Two trends are being presented in the thesis for the resolution
enhancement of IR images. The first one is presented with its
mathematical model, which depends on Single Image Super Resolution
(SIMSR). The SIMSR considers benefits of the sparse representations of
Low Resolution (LR) and High Resolution (HR) patches of the IR
images. In this trend, a database is first generated off-line for patches
from other images. For these images, both LR and HR patches are
available and a feed-forward neural network is used to learn the relation
between these patches. After the learning process, patches of the LR IR
image are fed to the created model to get the corresponding HR patches.

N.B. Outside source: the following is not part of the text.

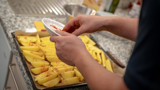In kleinen Gruppen füllten die Kinder gemeinsam mit unseren Jugendbetreuern Frankfurter mit Käse und wickelten diese in Speck ein, um daraus köstliche Berner Würstel zu zaubern. Als Beilage wurden Kartoffeln aus Gunskirchen – gesponsert von unserem Kameraden Eder Fredi – in Spalten geschnitten und im Ofen knusprig gebacken. Für den gesunden Touch sorgte ein frischer Karotten-Krautsalat.

A Minimum Mean Square Error (MMSE) estimator is used in the
prediction process. The other trend depends on Compressed Sensing
(CS). The CS is a signal processing technique for efficiently acquiring
and reconstructing a signal. The basic idea of this trend is to perform
some sort of smart compression of IR images through a CS process in
order to save the bandwidth over the communication channel and
facilitate, or even enable its transmission. At the receiver side, a CS
reconstruction process is performed to reconstruct the original IR images.
The CS reconstruction is an inverse problem that is solved with an
optimization technique. After the CS reconstruction, a post-processing
stage that is based on SIMSR is performed to eliminate compression
problems resulting in high quality IR images. The common thread
between the two presented trends is that they deal with a large amount of
IR data. Hence, they can be classified as big data processing techniques.